Where the line containing "KUANDARGG Joyero de" appears in the records below, begin there and repeat each line exactly through the final one, dropping all pictures.

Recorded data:
§

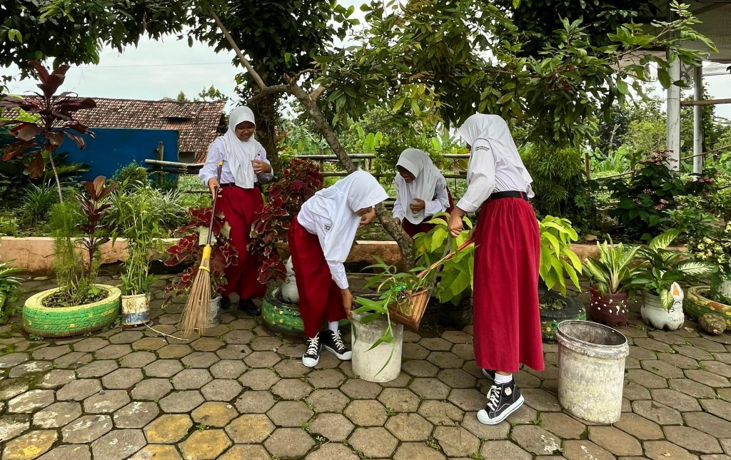 Sejak pagi hari, para siswa tampak menyebar ke berbagai titik area sekolah untuk melakukan kerja bakti. Mereka membersihkan ruang kelas, halaman, taman sekolah, hingga saluran air. Tidak hanya memungut sampah, para siswa juga memilah sampah organik dan nonorganik sebagai bentuk edukasi pengelolaan sampah sejak dini.
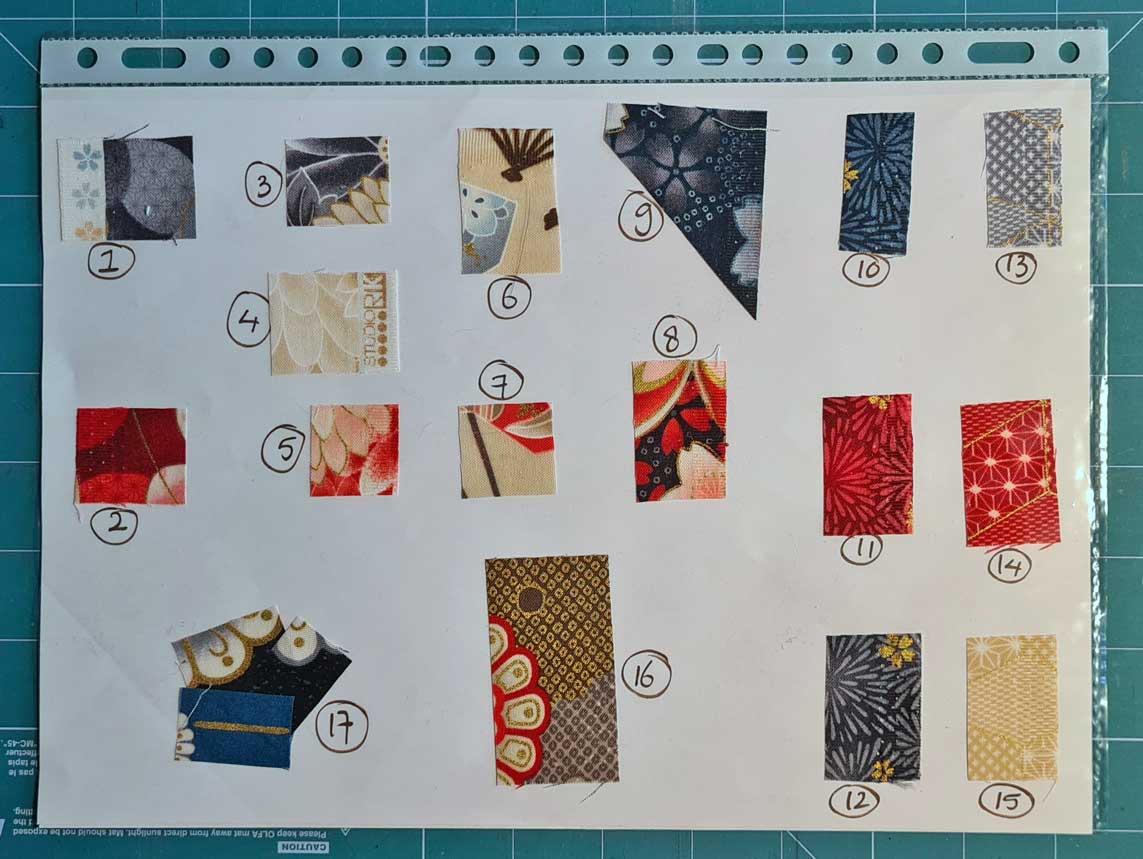 Om makkelijk aan te geven welke stof ik voor een blok nodig heb werk ik nu ook met een overzichtje van alle stoffen. Ze hebben nu nummers gekregen. Daarmee kan ik op mijn designwall per blok aangeven welke lichte of donkere kleur waar komt.
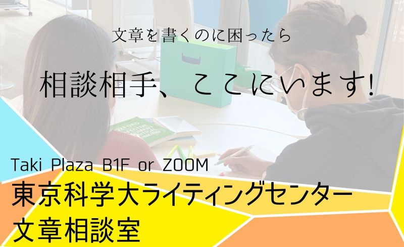 東京科学大学ライティングセンターは、文章課題について相談できる教育機関です。アカデミック・ライティングの訓練を受けたチューター(本学所属の大学院生)が書き手との対話を重ね、文章の改善を支援します。予約は下記からお願いします。
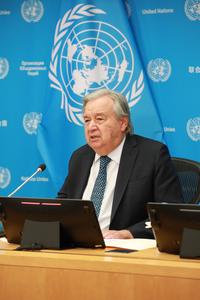 (250916) — NACIONES UNIDAS, 16 septiembre, 2025 (Xinhua) — El secretario general de la ONU, António Guterres, habla con la prensa en la sede de la ONU, en Nueva York, el 16 de septiembre de 2025. Guterres indicó el martes que las iniciativas globales propuestas por China son totalmente compatibles con la Carta de las Naciones Unidas. (Xinhua/Xie E) (jg) (ra) (ce)
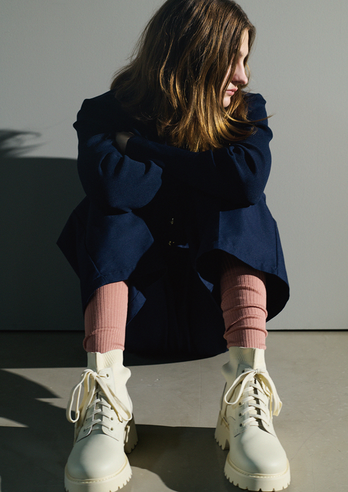 「シーンを選ばすラフに履けるレースアップ風ニットコンビブーツが待望の再登場。モードなフォルムに、トレンド感のあるほどよいボリュームのタンクソールがアクセント」。
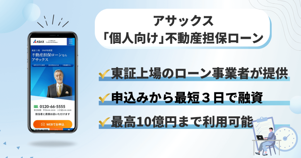 | アサックス | 個人向け不動産担保ローン | 1.95%~7.80% | 15.0%以下 | 300万円~10億円 | 最短3日 | 3ヶ月~35年 | 個人 | 関東財務局長(14)第00035号 | 第000023号 |
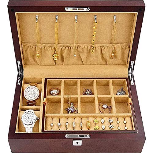 KUANDARGG Joyero de Madera de Doble Capa Almacenamiento de Relojes Chapa de Madera Maciza Colección de joyería Simple Almacenamiento de Bloqueo Joyero, B
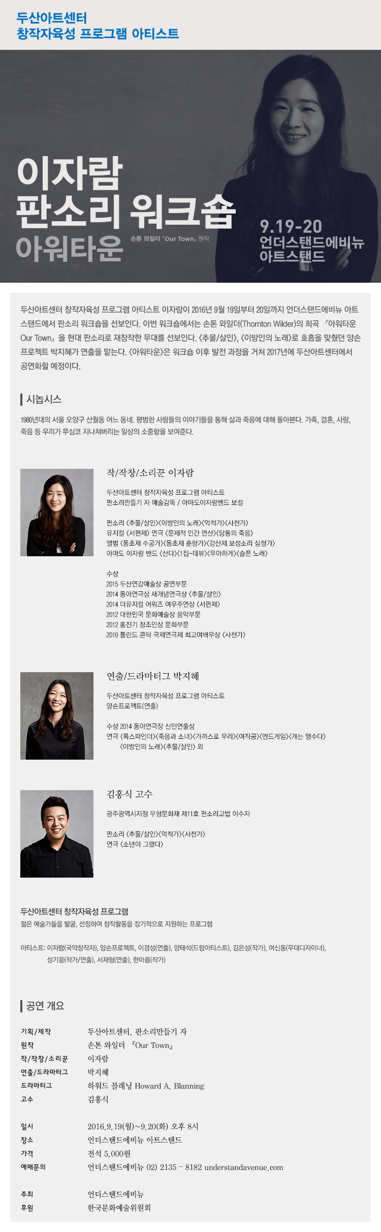 이자람 판소리 워크숍 <아워타운> 9.19~20 티켓오픈!
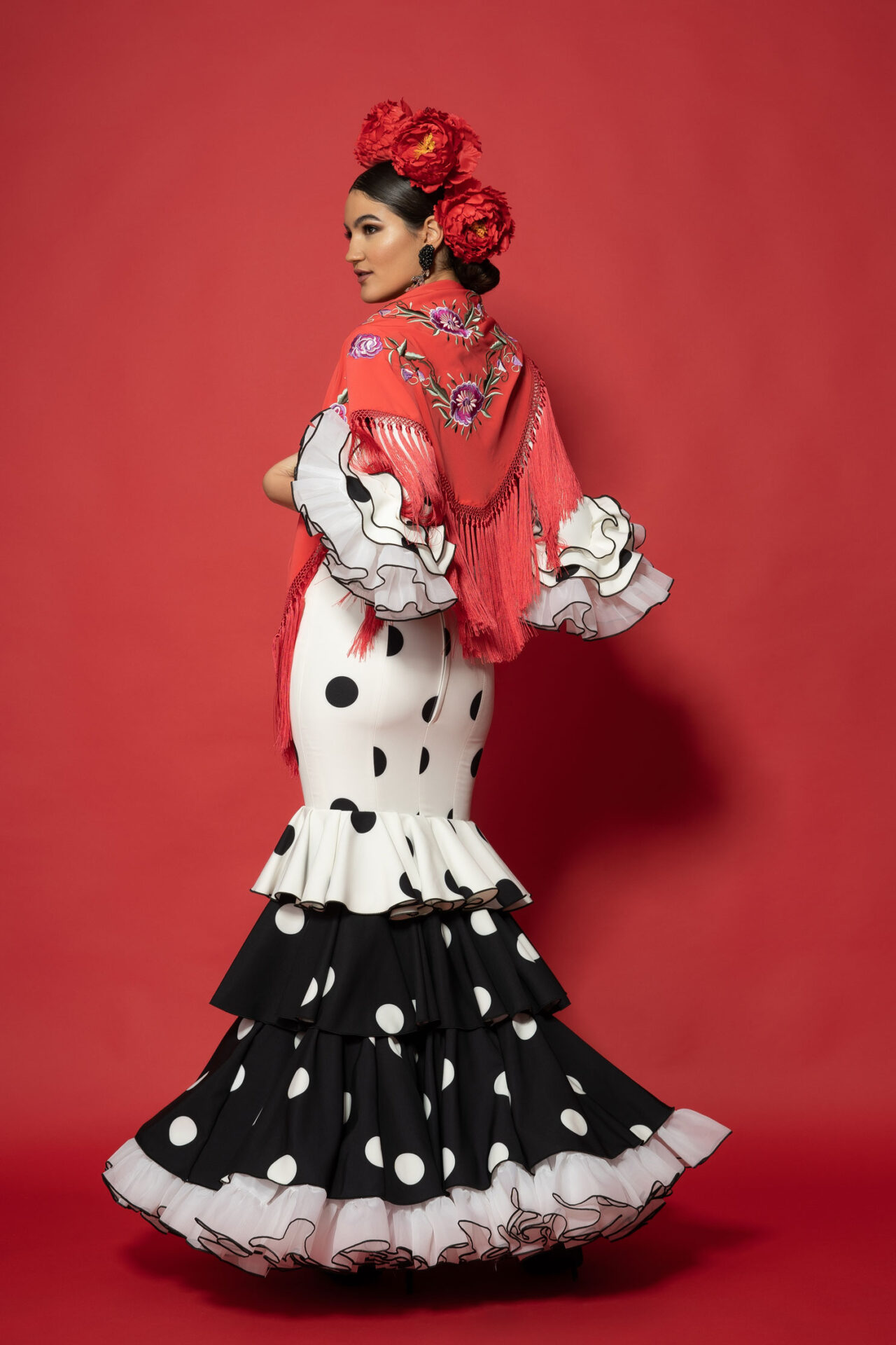 Vestido elástico con tres volantes y enaguas de clavel en los bajos, escote de pico delante y detrás

§

> _Expected answer_
 KUANDARGG Joyero de Madera de Doble Capa Almacenamiento de Relojes Chapa de Madera Maciza Colección de joyería Simple Almacenamiento de Bloqueo Joyero, B
 이자람 판소리 워크숍 <아워타운> 9.19~20 티켓오픈!
 Vestido elástico con tres volantes y enaguas de clavel en los bajos, escote de pico delante y detrás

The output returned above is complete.